PO szykuje "czarnego konia" przeciwko Dudzie. Liczą na głosy PSL i SLD
PO wybiera swojego kandydata na prezydenta
PO szykuje się nie tylko do nadchodzących wyborów parlamentarnych, ale również do wyborów prezydenckich w 2020 roku. O ile niemal pewnym kandydatem Prawa i Sprawiedliwości na prezydenta zdaje się być Andrzej Duda, o tyle wciąż nie wiadomo, kto będzie reprezentował opozycję. Jeszcze do niedawna spekulowano o kandydaturze powracającego z Brukseli Donalda Tuska, jednak ten, jak mówi się w kuluarach, stracił wiarę w wygraną opozycji.

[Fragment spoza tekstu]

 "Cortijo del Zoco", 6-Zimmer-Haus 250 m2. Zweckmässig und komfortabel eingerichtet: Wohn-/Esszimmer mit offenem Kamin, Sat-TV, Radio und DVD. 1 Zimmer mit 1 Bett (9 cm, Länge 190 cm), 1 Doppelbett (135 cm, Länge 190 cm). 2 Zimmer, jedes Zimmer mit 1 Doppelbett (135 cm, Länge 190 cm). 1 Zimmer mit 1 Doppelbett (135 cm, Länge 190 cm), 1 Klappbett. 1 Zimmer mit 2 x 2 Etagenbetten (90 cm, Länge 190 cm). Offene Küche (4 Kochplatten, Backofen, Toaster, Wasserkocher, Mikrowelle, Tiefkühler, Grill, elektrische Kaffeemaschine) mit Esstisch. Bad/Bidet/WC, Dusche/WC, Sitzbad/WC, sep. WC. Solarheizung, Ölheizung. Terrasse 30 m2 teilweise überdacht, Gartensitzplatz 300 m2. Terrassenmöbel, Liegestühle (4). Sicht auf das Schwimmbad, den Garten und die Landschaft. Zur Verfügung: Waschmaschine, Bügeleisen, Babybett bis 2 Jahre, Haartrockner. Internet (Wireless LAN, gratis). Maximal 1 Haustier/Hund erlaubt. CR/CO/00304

“Czarnego konia” nie ma nawet w sondażu poparcia
Według przywoływanego przez tygodnik "Wprost" badania przeprowadzonego na panelu Ariadna, liderem poparcia jest prezydent Warszawy Rafał Trzaskowski, który uzyskał 16,2% głosów badanych. Daleko dalej jest prezydentka Gdańska Aleksandra Dulkiewicz (6,1%), następny jest Bartosz Arłukowicz (5,8%) oraz prezydentka Łodzi Hanna Zdanowska (5,4%).

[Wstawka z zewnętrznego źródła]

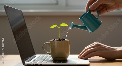 plant, watering, laptop, mug, growth, technology, desk, office, computer, keyboard, leaf, green, table, indoor, work, business, hand, can, small, environment, germ bud, flora, dirtied, care, fresh, new, start, cultivation, gardening, desktop, monitor, screenSHARE

Jak pisze Wprost, Platforma jednak zastanawia się nad wystawieniem kogoś, kto nie pojawił się w sondażu. Ponoć opozycja ma zamiar do walki o fotel prezydenta RP wystawić Adama Bodnara.
Adam Bodnar tajną bronią opozycji?
Koncepcja wybrania Bodnara na kandydata do wyborów prezydenckich pojawiła się w Platformie jakiś czas temu - czytamy we “Wprost”. Adam Bodnar, wiceprezes Helsińskiej Fundacji Praw Człowieka i rzecznik praw obywatelskich, miałby w przeciwieństwie do innych kandydatów, nie być tylko kandydatem partyjnym, a całej opozycji. Adam Bodnar mógłby zapewne liczyć nie tylko na poparcie Platformy Obywatelskiej, ale również PSL i SLD.